Reports

United Nations Security Council should Require Iraq to Allow Iraqi Nuclear Scientists to Leave the Country without Fear of Reprisal

by David Albright and Kevin O'Neill

November 3, 1997

Almost seven years after the end of the Persian Gulf War, the Iraqi regime of Saddam Hussein cannot be trusted to honor its commitments against seeking nuclear weapons. The harsh economic sanctions and other punitive measures imposed by the UN Security Council after the war have not changed the nature of the regime, despite the immense suffering of the Iraqi people caused by these sanctions. Saddam Hussein is likely to restart his nuclear weapons program as soon as sanctions are lifted and his agents can more easily obtain banned items for a new, more secretive nuclear program.

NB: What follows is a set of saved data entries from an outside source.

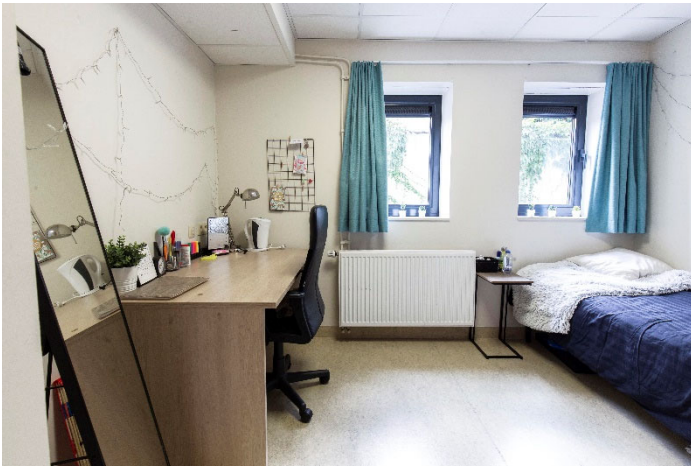
Equipped room (desk, bedframe, wardrobe, fridge)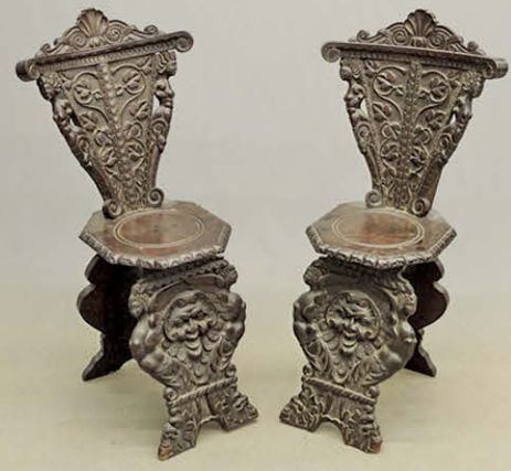
Pair Early Carved Italian Sgabello Chairs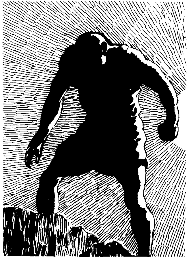
Cain called out to God, “My punishment is more than I can bear.”

Once again, God had to punish one of His human children for disobedience. But God’s punishment is always done in love and for a reason. God doesn’t punish out of hate. He doesn’t seek to get even with the sinner or to make him pay for his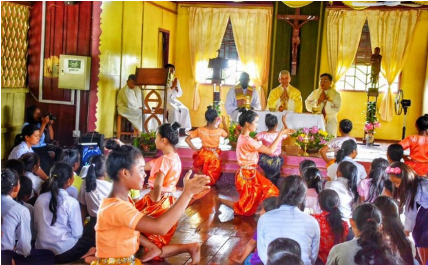
Traditional dancing during the Confirmation Mass at Kompong Koh.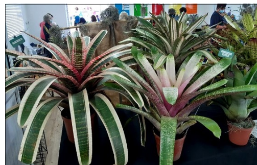
Much admired Vriesea hybrids on show.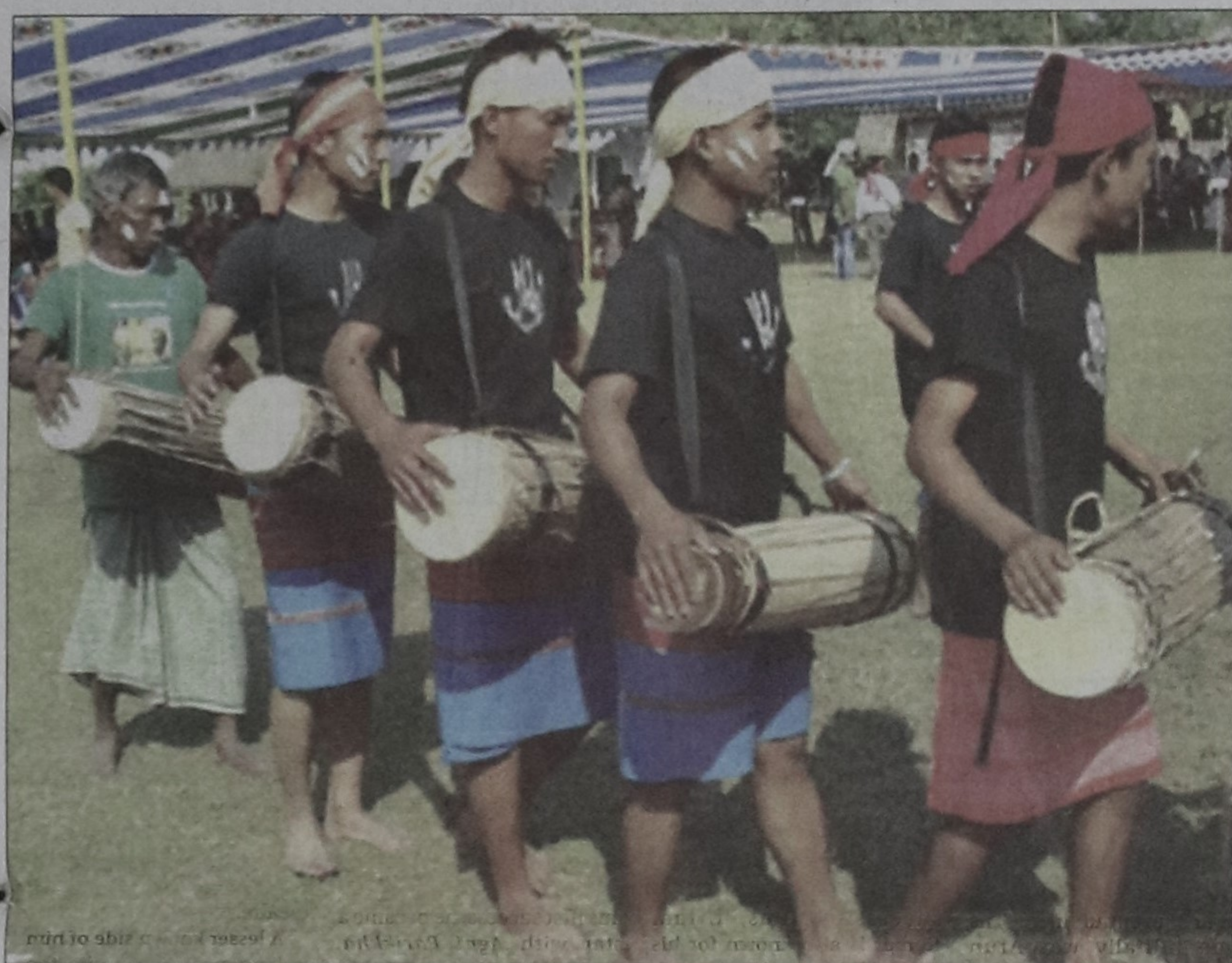
Garos performers with traditional musical instruments at a Wana celebration.

Here is a new and untried way to keep that from happening. If the UN Security Council forces Saddam to allow his cadre of knowledgeable nuclear weapon scientists and their families to leave Iraq without retaliating against them, Iraq may be unable to reconstitute a nuclear weapons program. To enforce this resolution, the Security Council must be ready to punish Iraq in case it retaliates against these experts, their immediate families, or any relatives remaining in Iraq. The reactions should include the refusal to remove sanctions or to reimpose any sanctions that had been lifted.

With years of valuable experience before the War, Iraq’s nuclear weapon experts are both a valuable and necessary asset to implement a decision to seek nuclear weapons. Against this possibility, the UN Security Council has constructed a powerful set of measures besides economic sanctions, including the destruction of Iraq’s old nuclear weapon assets and capabilities, and the world’s most intrusive monitoring and inspection system, which is operated by the International Atomic Energy Agency (IAEA) Action Team and the UN Special Commission (UNSCOM).

Although inspections are constantly being improved, they are unlikely to become adequate to successfully monitor the activities of those scientists involved in the pre-Gulf War nuclear weapons program. In particular, the monitoring is not sufficient to learn if these scientists are putting together a new, more secretive nuclear weapons program that is explicitly designed to exploit weaknesses in the Action Team’s monitoring system. Under some scenarios, Iraq may be able to construct a nuclear explosive before it was detected.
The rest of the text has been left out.